Work task:
With the pictures removed, retype the lines from the one holding "大きいサイズ 【フランネルチェック】ビッグシルエットシャツ" through the end of the records, exactly as written.

Data shown Start Marker

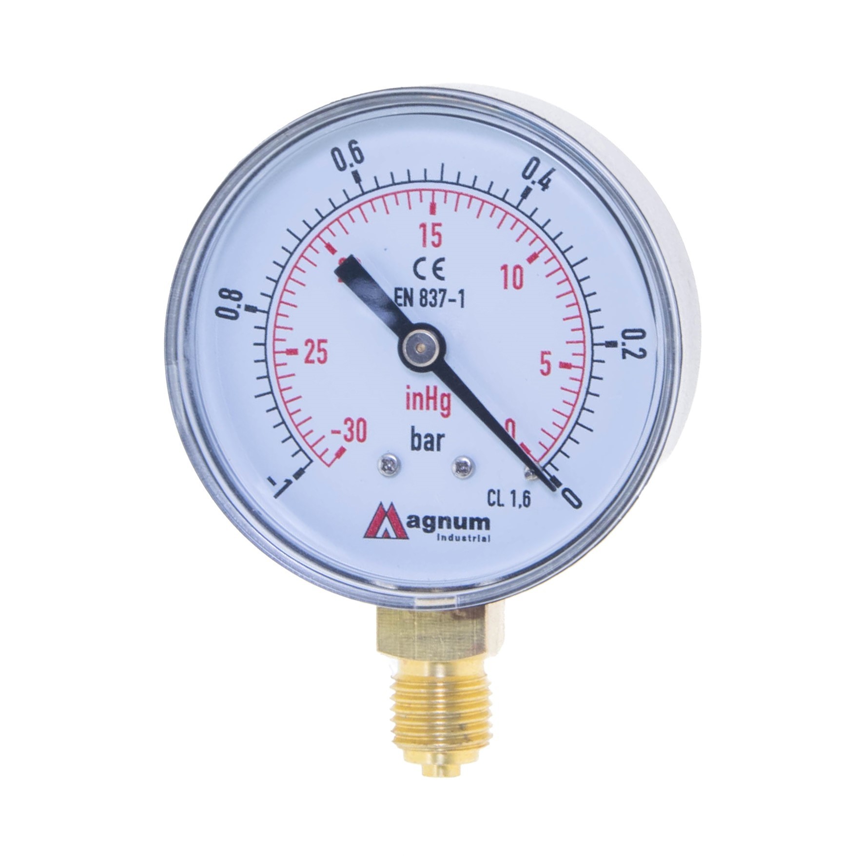Wysokiej klasy wakuometr z rurką Bourdona marki MAGNUM wykonany zgodnie z normą EN 837-1 w klasie dokładności 1,6. Ciśnieniomierze ogólnego przeznaczenia do pomiarów podciśnienia gazów oraz cieczy chemicznie obojętnych na stopy miedzi które nie powodują zatorów w układach ciśnienia.
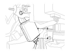 8. After loosening the mounting nuts and connector (A), then remove the RF receiver (B).
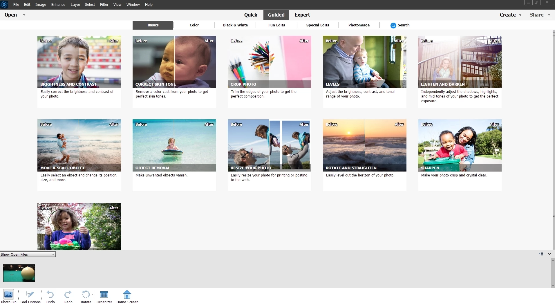 I am trying the trial verion of Elemetns 2023. Up until now I have been using Elements 11 where in Guided Mode all the tools are very conveniently in a panel on the right side of the image i am editing. Is 2023 I have to continually return to that idiot page where all the tools are shown in groups with a before/after slider. How can I place the list of tool to the side of the image I am editing?
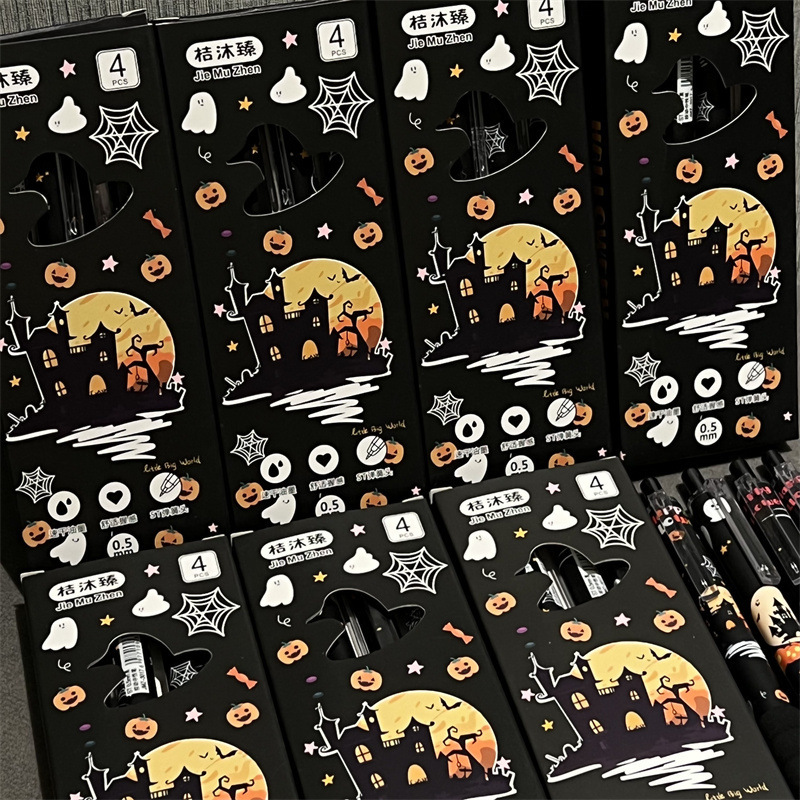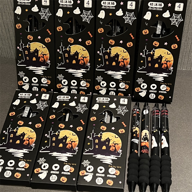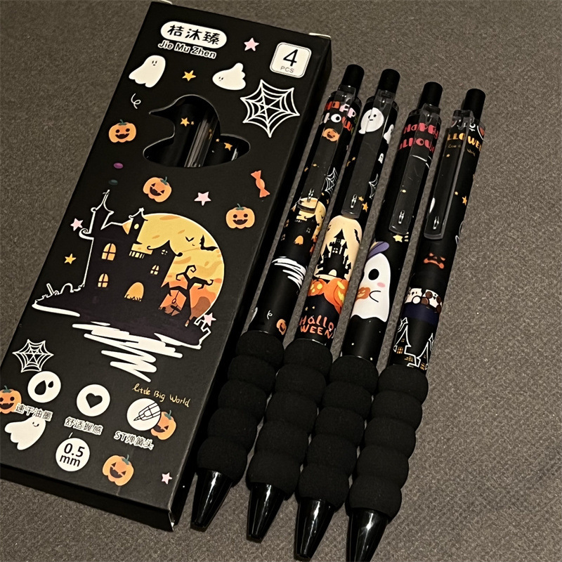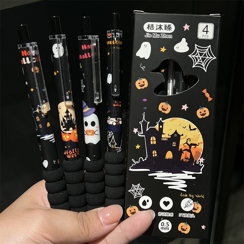Halloween esponjoso bolígrafo neutro alto valor facial ins viento encantador estilo de estudiante bolígrafo neutro negro cabeza
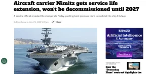 Військово-морські сили США ухвалили рішення про відтермінування виходу на пенсію найстарішого діючого авіаносця «Німіц» (USS Nimitz). Як повідомляє Breaking Defense, термін експлуатації корабля офіційно подовжено до березня 2027 року.
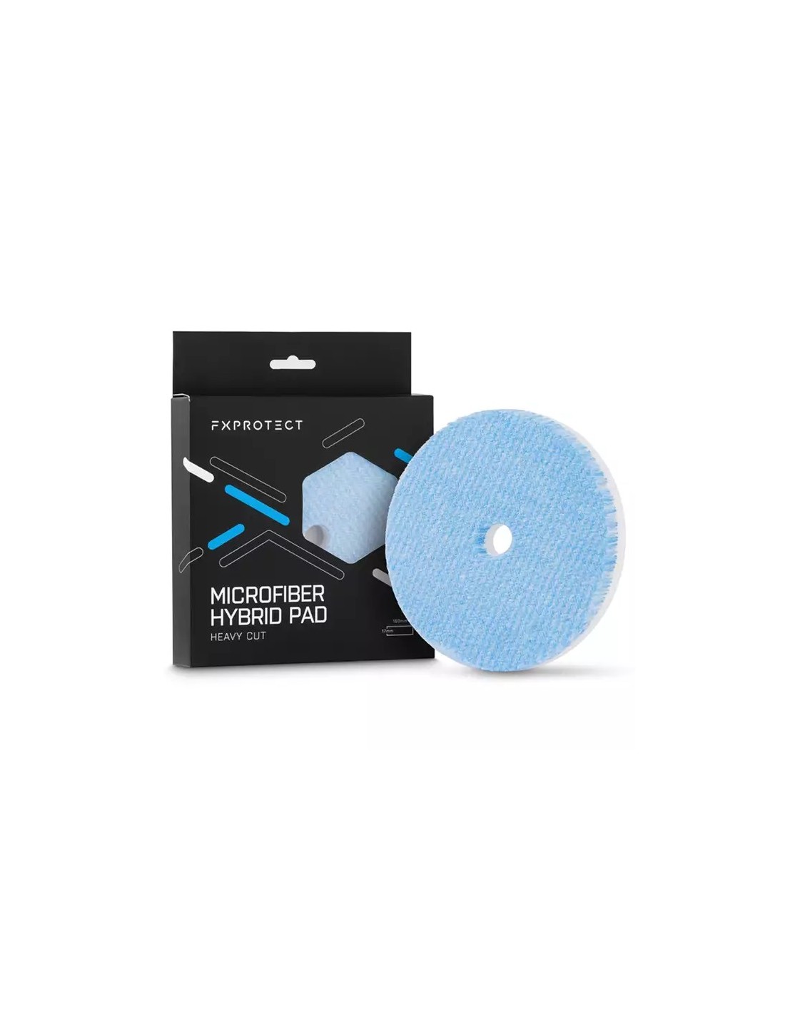 FX Protect Microfiber Hybrid Pad Heavy Cut – to hybrydowy pad polerski o silnych właściwościach tnących. Wykonany jest dwóch rodzajów włókien – białe (cutting) oraz niebieskie (finishowe).
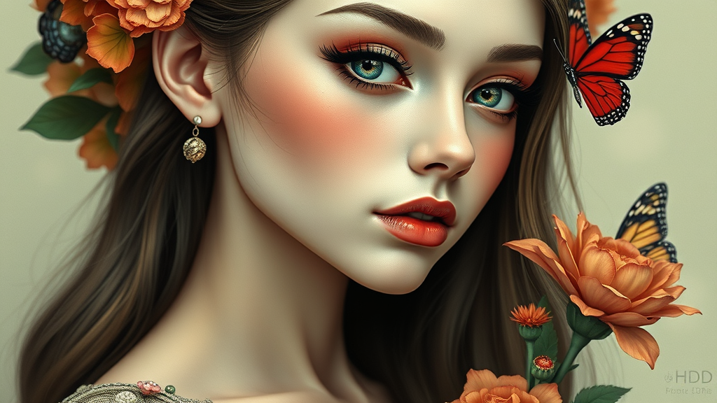 Beautiful Aesthetic, Intricate Detail, Artistic, Fantastic, Vintage Style, Vivid, Colorful, Minimal, Russian girl, Eyelashes, Slender figure, leaf dress, flower, butterfly, plant, seated, dynamic composition, UHD, HDR, 8K, excluding disfigured or distorted aspects, refined facial features, balanced eyes, elegant neck, accurate anatomy, clear resolution, in-frame, sharp image, without artifacts or logos, realistic portrayal.
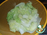 У капусты удалить самые жесткие части, листья уложить в кастрюлю, залить кипятком, варить 1–2 мин., вынуть, остудить и обсушить. |
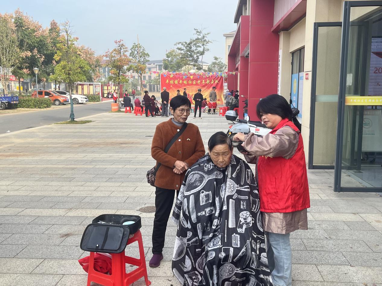 活動伊始,豐畈社區的公益義剪現場便排起了長隊。志愿者們耐心詢問每位老人的發型需求,手持剪刀細致修剪,一邊理發一邊與老人拉家常,叮囑他們注意秋冬保暖?!凹敉觐^發清爽多了,你們想得太周到了!”剛理完發的王奶奶看著鏡子里精神的自己,笑得合不攏嘴。義剪結束后,文藝表演正式登場,極具地方特色的“跑竹馬”舞蹈率先亮相,演員們身著艷麗服飾,伴著歡快的鼓點靈活穿梭,生動的演繹贏得臺下老人陣陣掌聲。隨后,《祖國》《沒有共產黨就沒有新中國》等經典歌曲輪番唱響,熟悉的旋律勾起了老人們的時代記憶,不少人跟著輕聲哼唱,現場氛圍愈發熱烈。
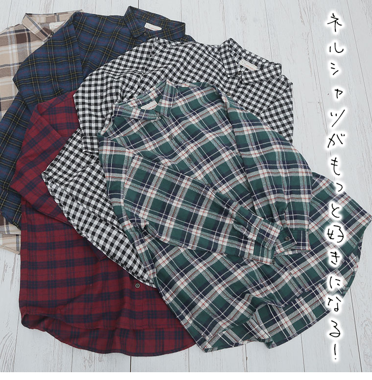 大きいサイズ 【フランネルチェック】ビッグシルエットシャツ
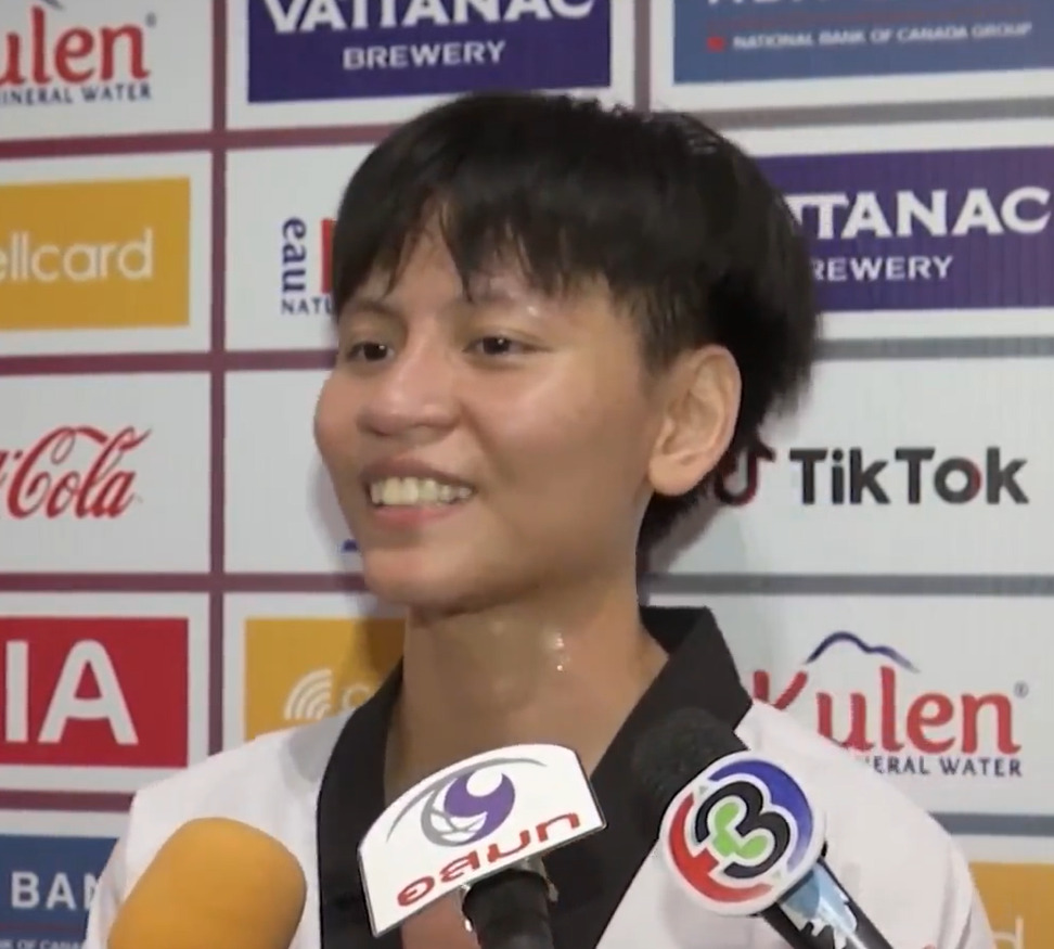 หลังคว้าแชมป์ เหมี่ยว บอกว่าก่อนแข่งกดดัน เนื่องจากแข่งเป็นคนที่ 3 และสองรุ่นแรกของเรา ทั้งจูเนียร์ และ โช แพ้นักกีฬาจากฟิลิปปินส์

Data shown End Marker

Response to the exercise:
 大きいサイズ 【フランネルチェック】ビッグシルエットシャツ
 หลังคว้าแชมป์ เหมี่ยว บอกว่าก่อนแข่งกดดัน เนื่องจากแข่งเป็นคนที่ 3 และสองรุ่นแรกของเรา ทั้งจูเนียร์ และ โช แพ้นักกีฬาจากฟิลิปปินส์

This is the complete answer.